(Collected data)
========================
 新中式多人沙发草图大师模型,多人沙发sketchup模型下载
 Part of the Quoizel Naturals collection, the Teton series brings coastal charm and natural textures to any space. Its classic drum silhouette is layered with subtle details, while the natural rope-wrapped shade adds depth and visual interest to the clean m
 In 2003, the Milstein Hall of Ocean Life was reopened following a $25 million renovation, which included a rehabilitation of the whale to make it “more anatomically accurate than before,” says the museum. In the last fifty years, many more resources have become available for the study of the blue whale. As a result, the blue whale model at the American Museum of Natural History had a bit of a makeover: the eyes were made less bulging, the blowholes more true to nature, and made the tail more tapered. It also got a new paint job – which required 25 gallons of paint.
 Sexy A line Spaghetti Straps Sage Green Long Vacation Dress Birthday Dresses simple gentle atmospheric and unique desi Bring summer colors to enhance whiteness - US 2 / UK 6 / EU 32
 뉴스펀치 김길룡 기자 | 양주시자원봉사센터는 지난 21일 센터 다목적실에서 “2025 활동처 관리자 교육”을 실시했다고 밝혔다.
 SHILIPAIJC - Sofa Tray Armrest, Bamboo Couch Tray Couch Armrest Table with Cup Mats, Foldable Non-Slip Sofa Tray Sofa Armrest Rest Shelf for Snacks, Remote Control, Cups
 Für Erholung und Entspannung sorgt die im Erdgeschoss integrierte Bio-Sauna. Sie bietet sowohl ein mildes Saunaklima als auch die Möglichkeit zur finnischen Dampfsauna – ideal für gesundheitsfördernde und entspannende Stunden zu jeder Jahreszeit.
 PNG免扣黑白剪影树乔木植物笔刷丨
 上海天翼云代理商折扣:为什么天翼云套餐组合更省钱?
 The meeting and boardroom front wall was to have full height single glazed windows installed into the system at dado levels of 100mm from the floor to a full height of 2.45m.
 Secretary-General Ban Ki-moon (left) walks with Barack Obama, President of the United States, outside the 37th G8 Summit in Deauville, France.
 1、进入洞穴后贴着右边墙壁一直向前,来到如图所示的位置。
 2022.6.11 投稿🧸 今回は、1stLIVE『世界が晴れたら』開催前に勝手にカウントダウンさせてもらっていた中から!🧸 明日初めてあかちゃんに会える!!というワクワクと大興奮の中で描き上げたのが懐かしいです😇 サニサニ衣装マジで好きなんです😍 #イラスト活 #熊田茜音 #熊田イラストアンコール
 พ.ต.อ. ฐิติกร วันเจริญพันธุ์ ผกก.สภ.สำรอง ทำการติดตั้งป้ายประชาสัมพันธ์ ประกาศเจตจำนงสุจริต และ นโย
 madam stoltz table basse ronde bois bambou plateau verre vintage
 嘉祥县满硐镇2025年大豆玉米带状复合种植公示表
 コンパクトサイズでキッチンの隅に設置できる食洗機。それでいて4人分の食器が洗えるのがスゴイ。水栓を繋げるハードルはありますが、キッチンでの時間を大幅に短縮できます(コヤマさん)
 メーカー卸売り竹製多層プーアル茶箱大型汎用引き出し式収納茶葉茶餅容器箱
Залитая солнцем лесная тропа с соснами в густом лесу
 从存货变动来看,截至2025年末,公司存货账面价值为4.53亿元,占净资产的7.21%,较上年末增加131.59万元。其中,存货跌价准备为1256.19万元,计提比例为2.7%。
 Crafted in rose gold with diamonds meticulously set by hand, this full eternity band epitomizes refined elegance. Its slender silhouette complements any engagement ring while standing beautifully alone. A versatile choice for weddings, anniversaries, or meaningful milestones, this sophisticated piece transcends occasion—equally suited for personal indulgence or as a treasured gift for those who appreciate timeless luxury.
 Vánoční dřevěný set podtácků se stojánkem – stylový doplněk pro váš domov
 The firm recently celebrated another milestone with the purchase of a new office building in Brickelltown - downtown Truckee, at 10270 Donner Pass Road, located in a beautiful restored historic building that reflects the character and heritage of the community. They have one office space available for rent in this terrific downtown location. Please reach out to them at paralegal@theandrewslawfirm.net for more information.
========================
**ABOUT THIS TASK:** The lines holding the word "while" are the answer. Find them in the entries and copy them.

**SOLUTION:**
 Part of the Quoizel Naturals collection, the Teton series brings coastal charm and natural textures to any space. Its classic drum silhouette is layered with subtle details, while the natural rope-wrapped shade adds depth and visual interest to the clean m
 Crafted in rose gold with diamonds meticulously set by hand, this full eternity band epitomizes refined elegance. Its slender silhouette complements any engagement ring while standing beautifully alone. A versatile choice for weddings, anniversaries, or meaningful milestones, this sophisticated piece transcends occasion—equally suited for personal indulgence or as a treasured gift for those who appreciate timeless luxury.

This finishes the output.